== TASK INSTRUCTIONS ==
Reproduce the opening lines of the listing below exactly, stopping after the line that contains "Lab Grown Diamonds" and leaving out any pictures.

== DATA EXCERPT ==
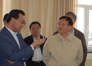 國家發改委副主任、國家能源局局長張國寶(右)稱讚龍源集團是風電行業主力軍,並對龍源集團取得的輝煌成績&&熱烈祝賀。圖為張國寶在視察龍源黑龍江伊春大箐山風電場時,聽取謝長軍(左)的匯報。
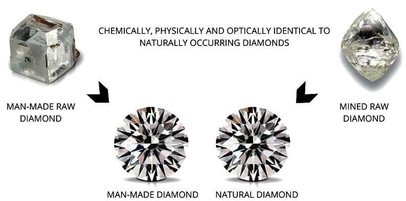 Lab Grown Diamonds Are Identical To Natural Diamonds. They Have the same Chemical Composition Properties Refractive Index. They are Eco Friendly Man made Diamonds also known as Green Diamonds.
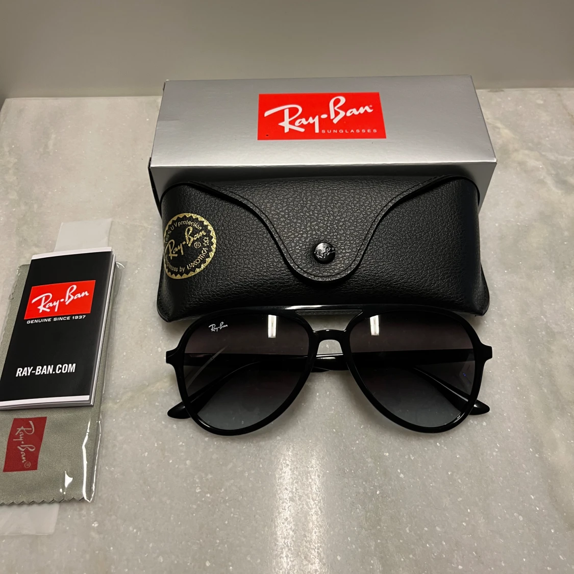 Ett par riktigt snygga Rayban cats solglasögon i färgen svart. Endast använda en gång, då dem ej riktigt passade mig (inga defekter). Alla tillbehör + box ingår. Nypris: 1278kr

== ANSWER BOX ==
 國家發改委副主任、國家能源局局長張國寶(右)稱讚龍源集團是風電行業主力軍,並對龍源集團取得的輝煌成績&&熱烈祝賀。圖為張國寶在視察龍源黑龍江伊春大箐山風電場時,聽取謝長軍(左)的匯報。
 Lab Grown Diamonds Are Identical To Natural Diamonds. They Have the same Chemical Composition Properties Refractive Index. They are Eco Friendly Man made Diamonds also known as Green Diamonds.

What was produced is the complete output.